Saturday, October 30, 2010

Japan-ness in Architecture, by Arata Isozaki


Arata Isozaki is a Japanese architect, who sees buildings not as dead objects but as events that encompass the social and historical context. His works include Barcelona's Olympic Stadium, the Los Angeles Museum of Contemporary Art, the Tokyo University of Art and Design, and the Team Disney Building in Orlando, FL. Isozaki is also an intelligent and thoughtful critic and philosopher of architecture, and has penned numerous essays on Japanese design principles.

He spent twenty years to complete these essays in Japan-ness in Architecture, starting in the early 1980s. These essays demand the readers to view things as more complicated or even confused. His references are not all pleasing, and many are controversial. He destroys the readers’ stereotypical idea of “Japan-ness” in architecture. He uses events, personalities, and cultural influences on each building to engage the readers with the true meaning and the quality of the building. He also claims that what others consider to be the Japanese aesthetic is often the opposite of that essential Japan-ness born in moments of historic self-definition, the purified stylization, which he calls "Japanesquization". It lacks the energy of cultural transformation and reflects an island retrenchment in response to the pressure of other cultures.

Isozaki's writings offer a special challenge to the Western concept of architecture: "Architectural discourse demands that we view buildings as events and not simply as inert objects. In a sense this might be equivalent to grasping the buildings as textual spaces. By not only considering the objectness of buildings but also discussing the texts written about them, thus shifting the stance to the metalevel, I believe we can reconstruct the problematic that each building originally internalized." He presents the question of what did architecture in Japan lose after it entered modernism? He explains it by identifying what is essentially Japanese in architecture from the seventh to the twentieth century, by organizing the book into four main sections; Japan-ness in Architecture, A Mimicry of Origin: Emperor Tenmu’s Ise Jingu, Construction of the Pure Land (Jodo) Chogen’s Rebuilding of Todai-ji, and A Diaonal Strategy Katsura as Envisioned by “Enshu Taste”. These buildings are the selected true “Japanese” architecture by Isozaki.

In the first essay, Isozaki analyzes the struggles of modern Japanese architects, including himself, to create something uniquely Japanese out of modernity.
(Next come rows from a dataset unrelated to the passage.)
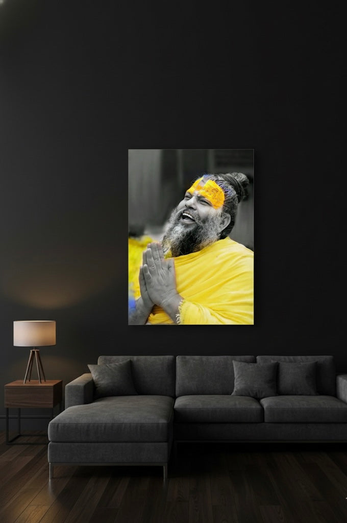 Bring the profound spiritual energy of Vrindavan into your home with this stunning metal print featuring Shri Hit Premanand Govind Sharan Ji Maharaj.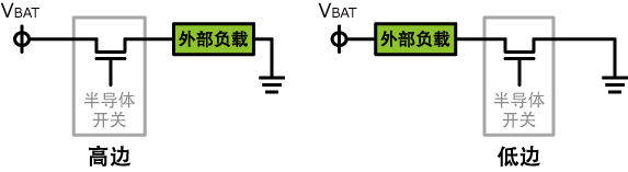 相对于外部负载,将半导体开关配置在上侧电路(电源侧)的叫作高边驱动,配置在下侧电路(GND侧)的叫作低边驱动。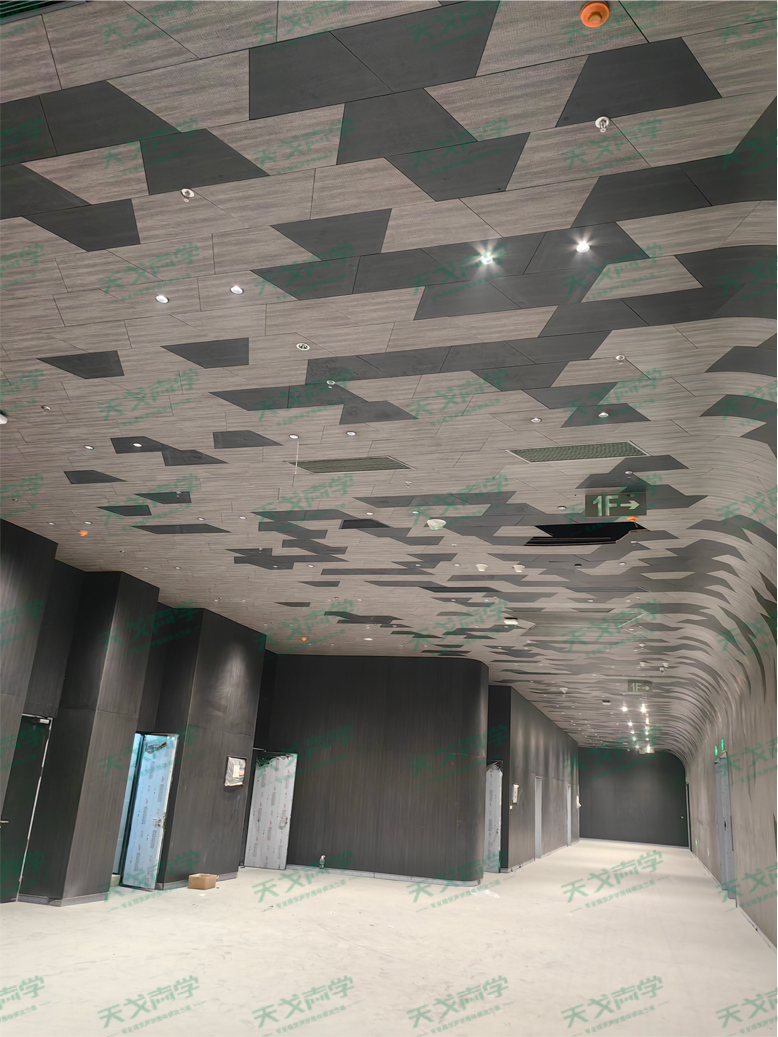 天戈聲學的定制梯形微孔穿孔吸聲板,因其梯形結構設計及便捷的安裝方式,提高吸聲板的安裝質量和效率,確保每一個細節都達到最佳效果。高效的施工不僅縮短了工期,還減少了對科技館正常運營的影響。

It also includes thoughtful accounts of Frank Lloyd Wright's design of the Imperial Hotel in Tokyo, and Bruno Taut’s designs in Japan. In the second essay, “Western Structure versus Japanese Space”, he describes how Japanese design is as much about emptiness as it is about structure. It is a perspective that comes naturally to the country that gave Zen Buddhism to the world. He then circles back in history to find what he calls Japan-ness in the seventh-century Ise shrine, reconstruction of the twelfth-century Todai-ji Temple, and the seventeenth-century Katsura Imperial Villa.
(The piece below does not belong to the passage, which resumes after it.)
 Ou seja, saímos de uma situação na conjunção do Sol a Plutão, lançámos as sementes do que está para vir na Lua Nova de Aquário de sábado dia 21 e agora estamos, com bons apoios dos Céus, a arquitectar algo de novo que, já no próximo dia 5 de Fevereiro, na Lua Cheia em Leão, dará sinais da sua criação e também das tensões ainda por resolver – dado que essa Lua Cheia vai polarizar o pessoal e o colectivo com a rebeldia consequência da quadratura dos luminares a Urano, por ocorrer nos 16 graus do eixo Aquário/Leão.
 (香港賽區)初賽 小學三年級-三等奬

Ise’s architecture in the context of the unique system of renewing the precincts, which is called shikinen-zokan, it may seem improper to define it by way of the Western concept of an everlasting materiality. It may not be considered as architecture. However, these ideas are just evolved from the Western idea of architecture. This ritual of rebuilding and relocating reiterated, represent the Zen idea of Japanese architecture. Isozaki claims that the unknown, not logical concept behind Ise Shrine is a quality of Japan-ness, compare to the Western logical approach to architecture.

Isozaki explains that Katsura as "a text rich in ambiguity, where architectural languages of quite different formal and temporal inspiration are juxtaposed. These layers of approach and language have made Katsura an object of incessant new reading strategies". Its main trait is that it has no clearly defined, dominant form or style, and number of design methods is used in both building and garden. Katsura is considered as a layered space, which includes transparent interior, shoji screens, and the use of shelves. Isozaki also questions the authorship of Katsura. Baruno Taut named Enshu as the designer and until the 1930s that was the most commonly held view. Isozaki states that Taut’s statement is built around a blind spot, one concerned with the concept of authorship itself. In Samurai society and the shogunate, Enshu’s status is ambiguous and cannot be defined by Western style of “hierarchy” or “authorship”.
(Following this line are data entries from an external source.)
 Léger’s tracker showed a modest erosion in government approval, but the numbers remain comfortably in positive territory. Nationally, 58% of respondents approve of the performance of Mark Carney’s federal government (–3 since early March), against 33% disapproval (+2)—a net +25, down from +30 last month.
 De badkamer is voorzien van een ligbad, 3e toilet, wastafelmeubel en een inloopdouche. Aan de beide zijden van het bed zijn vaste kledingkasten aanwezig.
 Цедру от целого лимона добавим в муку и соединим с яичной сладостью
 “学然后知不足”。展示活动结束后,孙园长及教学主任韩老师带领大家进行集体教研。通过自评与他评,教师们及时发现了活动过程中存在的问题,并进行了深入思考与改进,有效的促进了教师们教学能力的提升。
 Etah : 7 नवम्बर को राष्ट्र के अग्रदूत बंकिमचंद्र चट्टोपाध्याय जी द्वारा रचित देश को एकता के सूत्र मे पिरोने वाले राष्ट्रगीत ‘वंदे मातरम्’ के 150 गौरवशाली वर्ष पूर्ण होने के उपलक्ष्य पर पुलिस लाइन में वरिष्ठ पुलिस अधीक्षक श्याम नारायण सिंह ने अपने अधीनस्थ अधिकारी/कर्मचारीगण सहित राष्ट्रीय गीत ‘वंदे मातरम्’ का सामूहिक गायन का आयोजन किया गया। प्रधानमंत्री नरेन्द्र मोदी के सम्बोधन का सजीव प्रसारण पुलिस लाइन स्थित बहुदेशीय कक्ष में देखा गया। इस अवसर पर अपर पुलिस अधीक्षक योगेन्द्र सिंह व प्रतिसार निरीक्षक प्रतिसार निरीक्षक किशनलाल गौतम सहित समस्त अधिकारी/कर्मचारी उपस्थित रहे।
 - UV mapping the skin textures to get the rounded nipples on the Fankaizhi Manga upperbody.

This book is a great text to understand the hidden complex quality of Japanese architecture. Isozaki forces our minds to be free and flexible culturally. His philosophy is reflected on his analysis of the buildings. For non-Japanese speaking people, the cultural background and the Japanese terms may be hard to follow and understand. As Isozaki explains, Japanese culture is ambiguous and intricate. However, the ten-page glossary in the end should be helpful to look at, just to ne familiar with the building, names and technical terms.

Another great quality about this book is that each essay focuses on a very specific topic, on each building and social issue is that is related, to understand the bigger topic, such as Ise, Katsura, and Todaiji. Especially if the reader has not been to these buildings, the great description and the narrative of the building would be a great help to visualize them.

In order to understand the quality of traditional Japanese architecture that is missing in contemporary architecture is listed in this book. As I keep reading through the book, I am confident that the complex answer should rise.